■ **What this task involves**
Reproduce each line below precisely. Drop the pictures.

■ **Data shown**
========

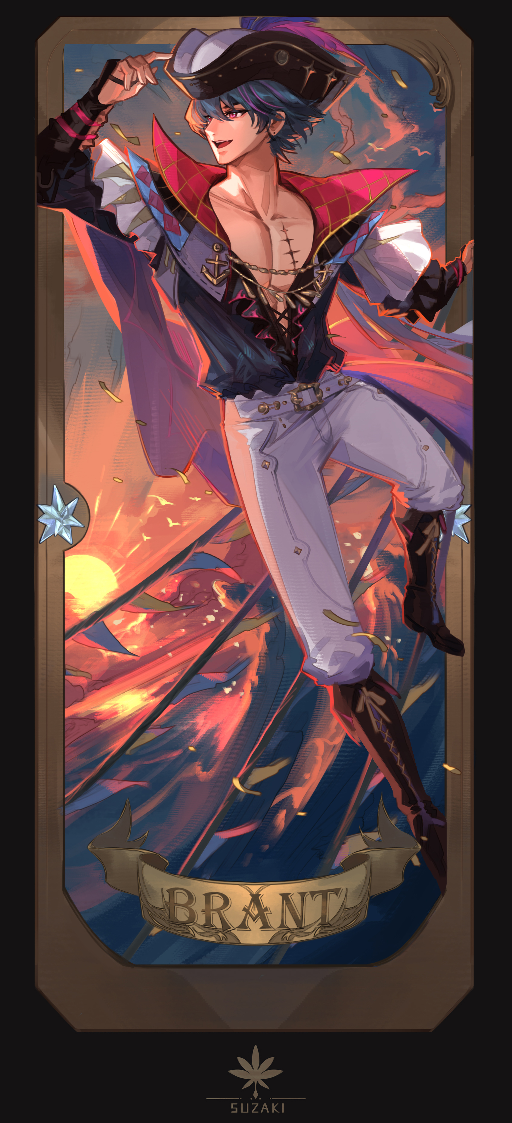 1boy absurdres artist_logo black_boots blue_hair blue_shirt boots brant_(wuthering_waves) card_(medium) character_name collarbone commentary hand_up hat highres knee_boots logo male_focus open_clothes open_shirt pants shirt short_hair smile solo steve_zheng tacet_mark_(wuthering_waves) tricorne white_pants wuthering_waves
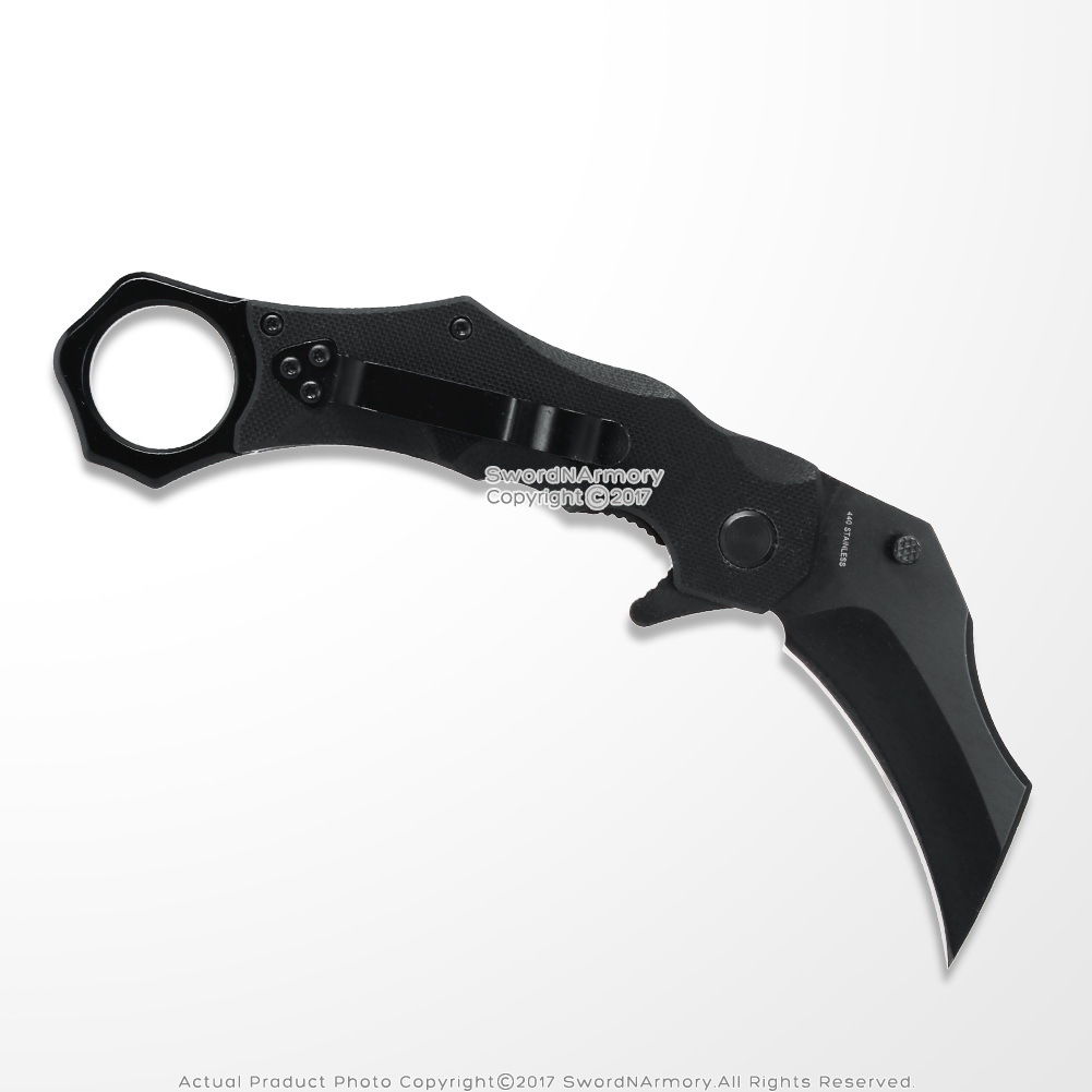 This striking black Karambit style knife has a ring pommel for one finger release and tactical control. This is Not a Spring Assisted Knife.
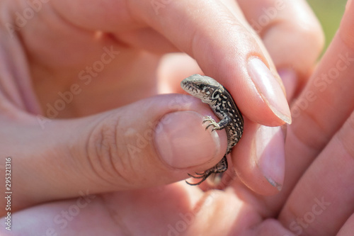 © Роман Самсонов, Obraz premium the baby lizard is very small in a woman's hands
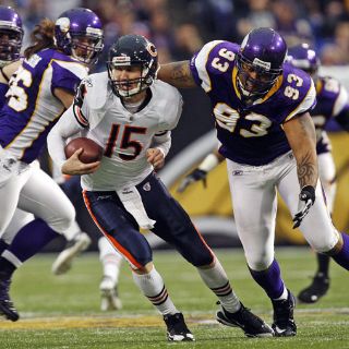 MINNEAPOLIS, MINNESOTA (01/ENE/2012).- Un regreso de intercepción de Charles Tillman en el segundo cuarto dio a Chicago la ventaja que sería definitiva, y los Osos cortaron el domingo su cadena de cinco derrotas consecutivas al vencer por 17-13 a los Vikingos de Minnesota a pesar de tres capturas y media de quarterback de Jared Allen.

========

■ **Solution to this problem**
 1boy absurdres artist_logo black_boots blue_hair blue_shirt boots brant_(wuthering_waves) card_(medium) character_name collarbone commentary hand_up hat highres knee_boots logo male_focus open_clothes open_shirt pants shirt short_hair smile solo steve_zheng tacet_mark_(wuthering_waves) tricorne white_pants wuthering_waves
 This striking black Karambit style knife has a ring pommel for one finger release and tactical control. This is Not a Spring Assisted Knife.
 © Роман Самсонов, Obraz premium the baby lizard is very small in a woman's hands
 MINNEAPOLIS, MINNESOTA (01/ENE/2012).- Un regreso de intercepción de Charles Tillman en el segundo cuarto dio a Chicago la ventaja que sería definitiva, y los Osos cortaron el domingo su cadena de cinco derrotas consecutivas al vencer por 17-13 a los Vikingos de Minnesota a pesar de tres capturas y media de quarterback de Jared Allen.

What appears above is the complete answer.